Giter Site home page Giter Site logo

movies-analysis's Introduction

Analyzing Movie Data From IMDb

Table of Contents

  1. Introduction
  2. Technologies and Skills
  3. Process
  4. Extracting, Cleaning and Validating Raw Data with Python
  5. Creating PostgreSQL Database and Loading Cleaned Data
  6. Analyzing Movies Database via SQL and Python

Introduction

In this project I will be extracting public movie data from the popular movie and tv show database IMDb. IMDb contains information related to movies, tv shows, actors, actresses, and other visual entertainment content. For the purpose of this project I will be focusing exclusively on data related to movies.

The data related to IMDb is publicaly available for non-commercial use on IMDb's website. In this project, I extracted, cleaned, and normalized this data and created a PostgreSQL database called movie to store this data locally. I then performed analysis with SQL and Python to find and visualize trends in movie production, audience reception, and actor likeness.


Technologies and Skills

Technologies/Packages: SQL (MySQL), Python (Pandas, NumPy, SQLAlchemy, Matplotlib, Seaborn)

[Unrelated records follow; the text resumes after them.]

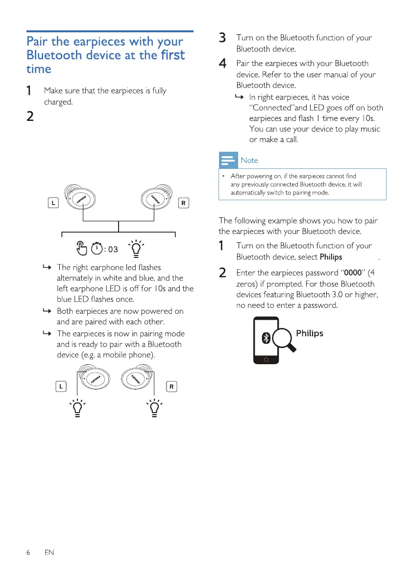 Philips TAT1235 - Pair the earpieces with your Bluetooth device at the first time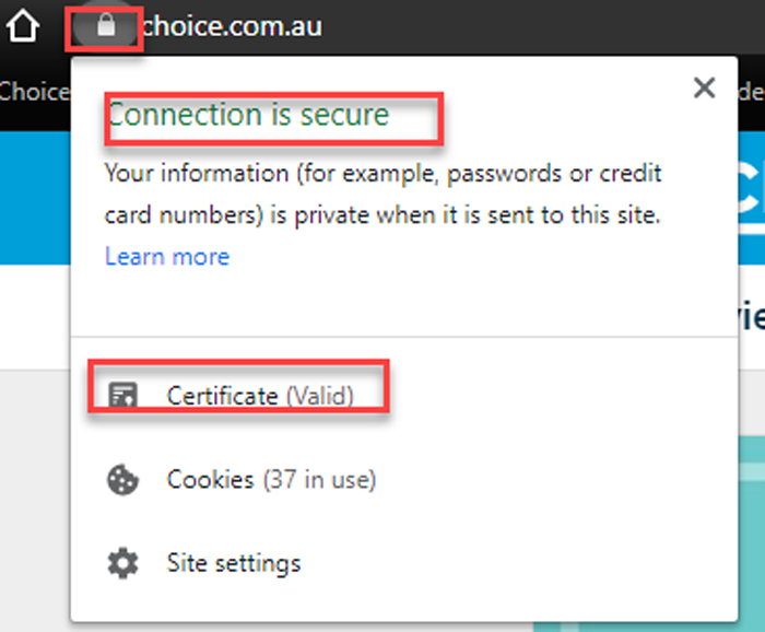 Clicking on the closed padlock icon next to a website’s URL will display some important security information about the site.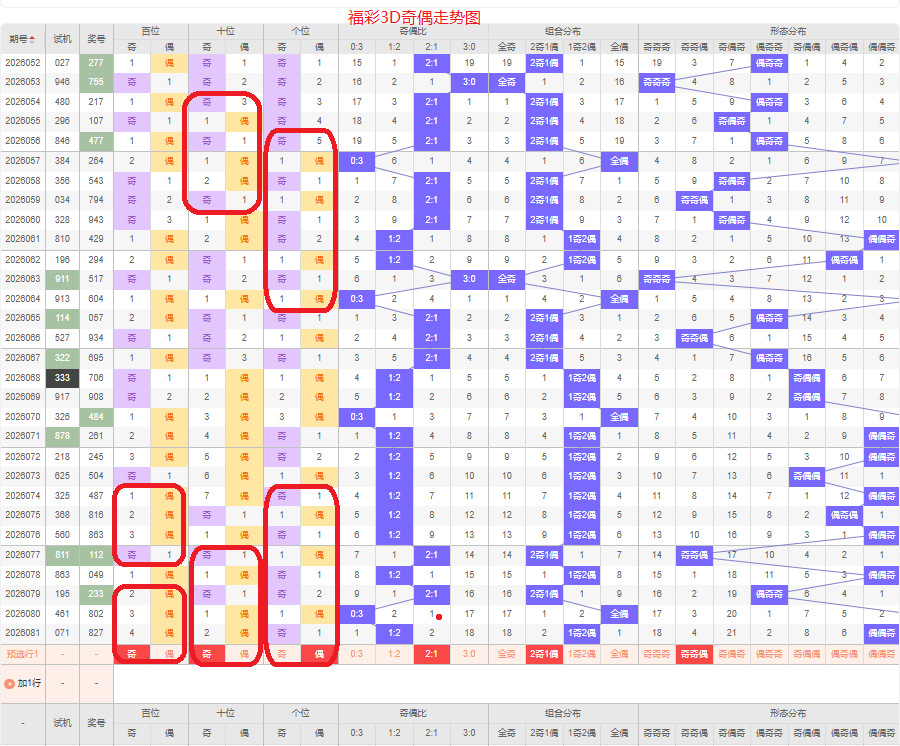 百位近四期是偶数的号码,侧重大号码,侧重奇数的号码,侧重1路和2路的号码,侧重号码12579。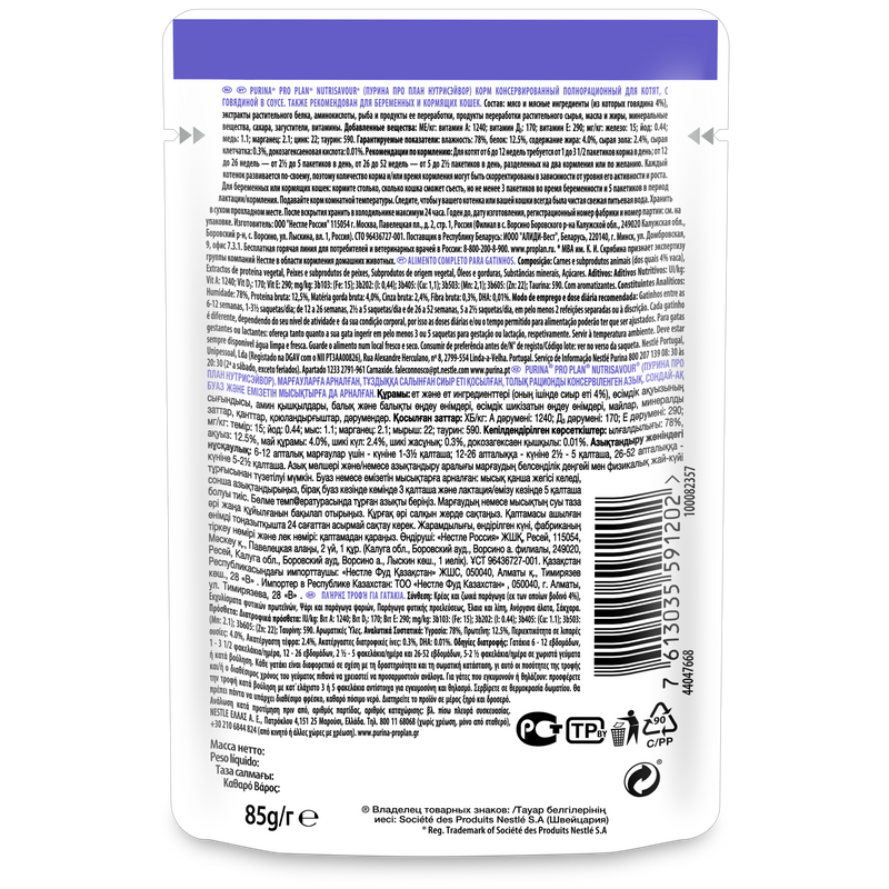 | Дополнительная информация | количество корма и/или время кормления могут быть скорректированы в зависимости от уровня его активности и роста; для беременных или кормящих кошек: кормите столько, сколько кошка сможет съесть, но не менее 3 пакетиков во время беременности и 5 пакетиков в период лактации/ кормления; подавайте корм комнатной температуры; следите, чтобы у вашей кошки всегда была чистая свежая питьевая вода |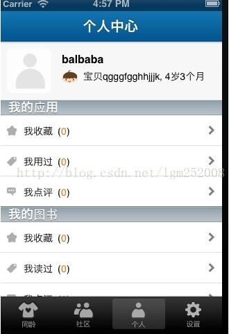 #pragma mark addHeadView- (void)addHeadView{ //頭像背景設(shè)置 UIView *headView = [[UIView alloc] initWithFrame:CGRectMake(0, 0, 320, 84)]; [headView setBackgroundColor:[UIColor colorWithRed:247.0f/255.0f green:247.0f/255.0f blue:247.0f/255.0f alpha:1.0f]]; //按鈕方式添加左側(cè)用頭像 UIButton *headBtn = [[UIButton alloc] initWithFrame:CGRectMake(10, 10, 64, 64)]; [headBtn setBackgroundImage:[UIImage imageNamed:@"Baby_head.png"] forState:UIControlStateNormal]; headBtn.layer.cornerRadius = 8.0; headBtn.layer.masksToBounds = YES; [headView addSubview:headBtn]; [headBtn release]; [self.view addSubview:headView]; //用戶名 UILabel *unameLab = [[UILabel alloc] initWithFrame:CGRectMake(89, 15, 200, 20)]; [unameLab setText:@"balbaba"]; [unameLab setTextColor:[UIColor blackColor]]; [unameLab setFont:[UIFont boldSystemFontOfSize:16]]; [unameLab setBackgroundColor:[UIColor clearColor]]; [headView addSubview:unameLab]; //寶貝頭像小圖 UIImageView *iconView = [[UIImageView alloc] initWithFrame:CGRectMake(89, 38, 24, 24)]; [iconView setImage:[UIImage imageNamed:@"Baby_gender_boy.png"]]; [headView addSubview:iconView]; //寶貝昵稱 UILabel *nicknameLab = [[UILabel alloc] initWithFrame:CGRectMake(120, 40, 120, 20)]; [nicknameLab setText:@"寶貝qgggfgghhjjjk"]; [nicknameLab setTextColor:[UIColor blackColor]]; [nicknameLab setFont:[UIFont systemFontOfSize:14]]; [nicknameLab setBackgroundColor:[UIColor clearColor]]; [headView addSubview:nicknameLab]; //寶貝生日 UILabel *birthDayLab = [[UILabel alloc] initWithFrame:CGRectMake(230, 40, 80, 20)]; [birthDayLab setText:@", 4歲3個月"]; [birthDayLab setTextColor:[UIColor blackColor]]; [birthDayLab setFont:[UIFont systemFontOfSize:14]]; [birthDayLab setBackgroundColor:[UIColor clearColor]]; [headView addSubview:birthDayLab]; [headView release];}
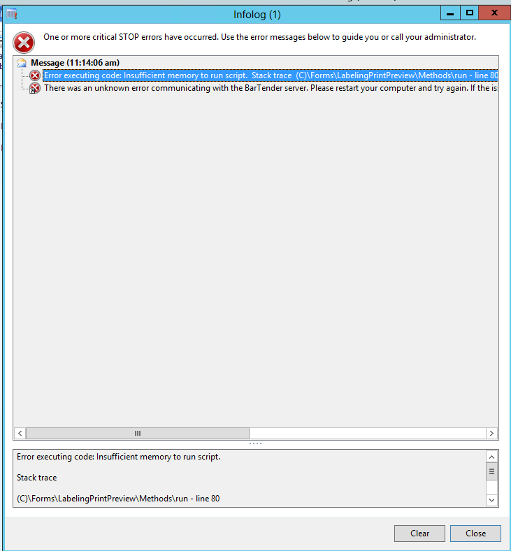 If you see the error "Error executing code: Insufficient memory to run script"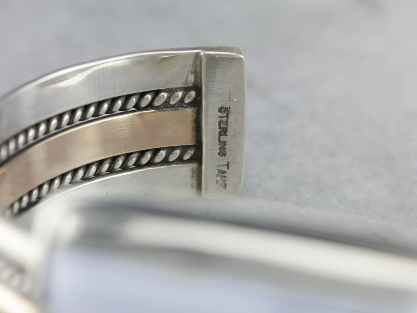 We've updated this vintage Taxco sterling silver and gold fill cuff with a stunning piece of blue lace agate, bands of lavender fill the center of this highly polished cabochon, sized to be noticed this is a fantastic statement piece that will go with a variety of metals!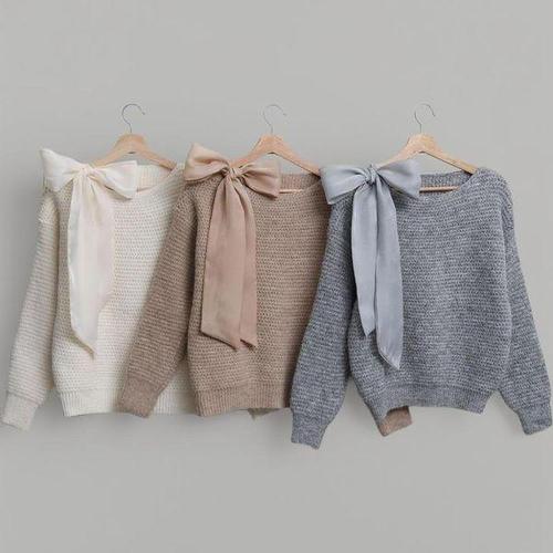 [신상오픈런]여자 가을 겨울 하객룩 리본 스카프 보트넥 부클 니트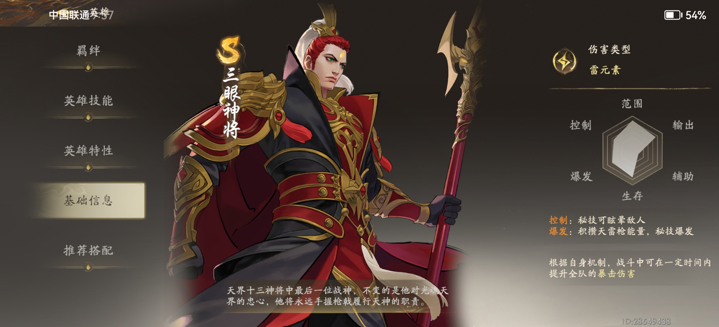 从这个基础能力图上来看,我们的三眼神将是属于一个群体攻击的一个战士类型的英雄。嗯,本身的辅助能力非常的低,其他的能力都是挺不错的。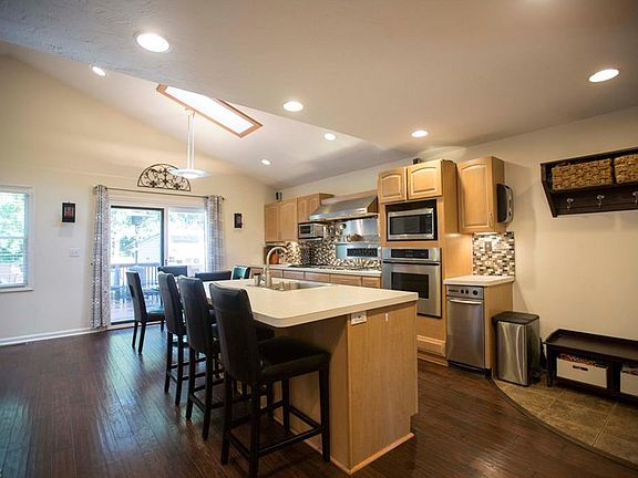 This bright and beautifully finished bungalow offers many features not found in other homes in the area! The carefully maintained exterior and landscaped yard creates exceptional curb appeal and there is much more to love on the inside. An addition was put on the house in 2007, creating a spacious eat-in kitchen with high-end stainless steel appliances, including a 6 burner Thermador gas range, built in Thermador convection oven, indoor Jenn-Air counter-top grill, and Rangemaster hood. The breakfast bar opens to the family room with vaulted ceilings, skylights, recessed lighting, a marble (gas) fireplace, and sliding glass doors that lead to the large fenced in yard with an incredible deck and patio for entertaining family and friends. The first floor also offers a full bathroom, 2 spacious first floor bedrooms, and hardwood floors throughout. Upstairs is the huge master suite featuring an en-suite bathroom with double sinks, a walk-in shower with a steam unit, a large closet, as well as huge 12' x 8' walk-in closet with built-in dressers and shelving! The lower level offers a finished rec. space with a bar and glass block windows, plus the unfinished portion provides a utility sink, laundry area, and space for storage and utilities. This home is 100% move-in ready with so many updates in 2007 including the A/C, kitchen/family room addition, windows, deck, patio, landscaping, and more. Don't miss it!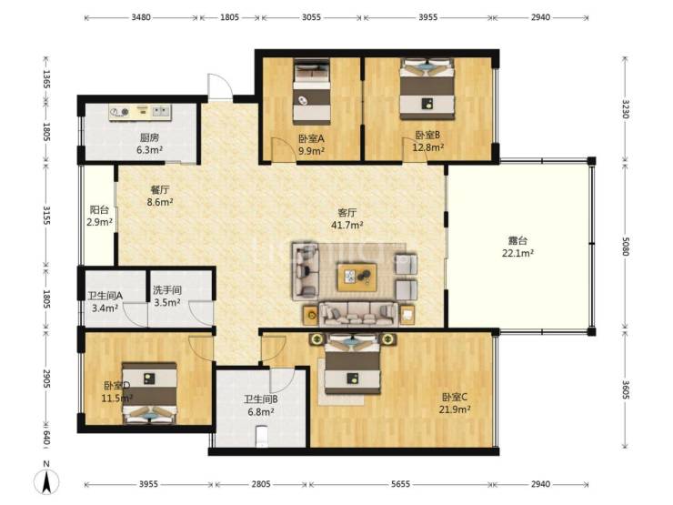 北区洱海庄园洋房,产证面积146.43平,东西朝向。总高5层,1梯2户。4房双卫带约22平露台,精装修拎包入住,户型方正楼层好,房东急售。看房非常方便,有钥匙。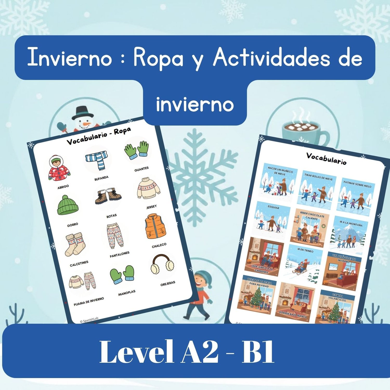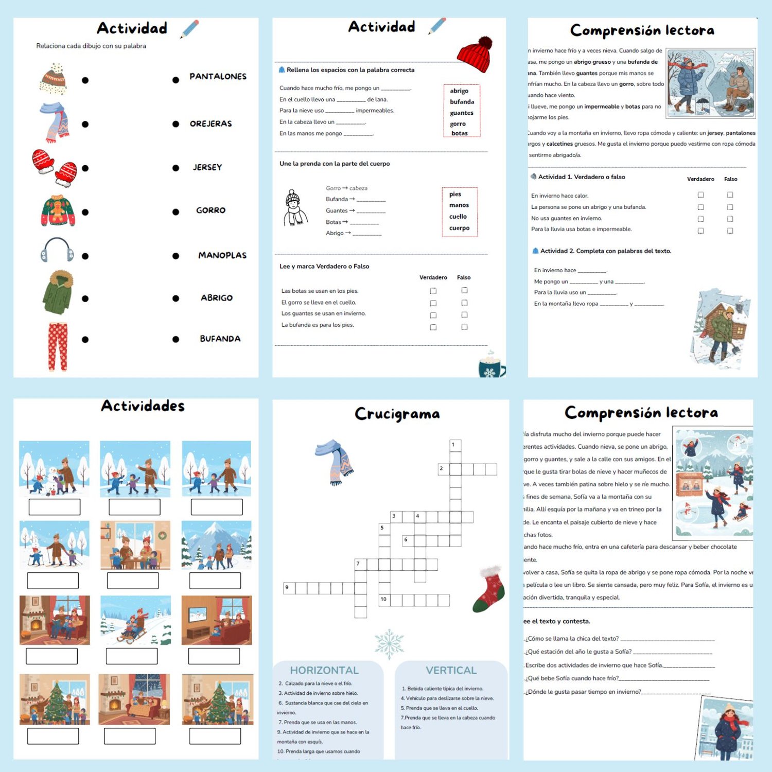 This 13-page Spanish winter worksheet pack is designed for A2-level learners and focuses on winter clothing and winter activities through engaging and varied exercises.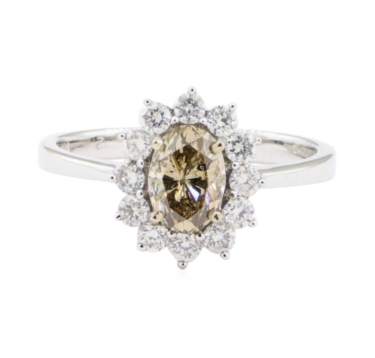 One electronically tested 14KT white gold ladies cast diamond ring with a bright polish finish. The featured diamond is set within a diamond floret supported by diamond set shoulders, completed by a two millimeter wide band. Trademark is Orianne. Identified with markings of "14K". Condition is new, good workmanship. Containing: One prong set oval shaped cut diamond, measuring 7.00 x 5.00 x 3.60mm (depth est.) approximate weight of 0.91ct. Graded in the setting. Clarity I-1 Depth 72.0% Table 62.0% Twelve prong set round brilliant cut diamonds, measuring 2.10 - 2.00 x 1.23mm (depth est.) approximate total weight of 12 Stones = 0.44ct. Graded in the setting. Clarity I-1 to I-2 Color G - I Total Weight of Diamonds 1.35 ct. Estimated Retail Value $ 7,435.00 US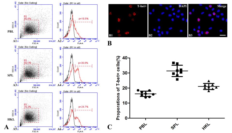 图1.牙鲆T-bet+细胞在外周血,脾和头肾淋巴细胞中的含量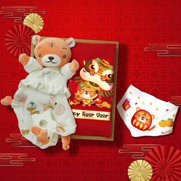 帶財福虎舞獅 口水巾/三角巾+安撫娃娃 新生兒禮盒-長袖連身衣-紅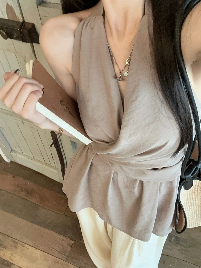 홀터넥 크롭탑: 바스트 라인을 자연스럽게 감싸주는 꼬임 디테일과 슬림핏으로, 여리여리한 실루엣 연출

Skills: Data Modeling, Database Development, Data Wrangling, Data Cleaning, ETL, Exploratory Data Analysis (EDA), Data Visualization


Process

1. Extracting, Cleaning, and Validating Raw Data with Python

  • Raw data was extracted from IMDb dataset, cleaned, and transformed into a format optimal for analysis of movie data

2. Creating PostgreSQL Database and Loading Cleaned Data

  • After the data was properly transformed and normalized, a PostgreSQL database called movies was created for optimal storage and retrieval

3. Analyzing Database via SQL and Python

  • The newly created movies database was analyzed using SQL to extract the necessary data and Python to transform/visualize results

Extracting, Cleaning, and Validating Raw Data with Python

The first step of this project involved extracted the datasets from IMDb, cleaning the data, and structuring the data in a format optimized for storage in a SQL database and analysis. Below is an abbrevated version of this process. To view the full process along with the Python code, see the Raw Data Cleaning Jupyter Notebook.

Raw Data ER Model

See the conceptual relational model of all the files extracted from IMDb. Note that this ER model is based on my interpretation and is unofficial.

original model

Table Descriptions

  • title.basics:Data related to all titles in IMDB database. Includes movies, tv show episodes, live action plays, etc.
  • name.basics: Data related to all individuals who have participated in the production of a title. Includes actors/actresses, writers, directors, costume designers, etc.
  • title.principals: Mapping table between the name.basics table and title.basics table. A record exists for every individual involved in a title.
  • title.ratings: Contains the average rating and number of votes for records in the "titles" Table. This is a one-to-one optional relationship, meaning an individual title could have a max of one record in the "ratings" table, but could not have one as well. Since this is a one-to-one relationship, these two tables should be combined.
  • title.akas: Contains all alternative titles for a local region/country for each unique record in "title.basics" table.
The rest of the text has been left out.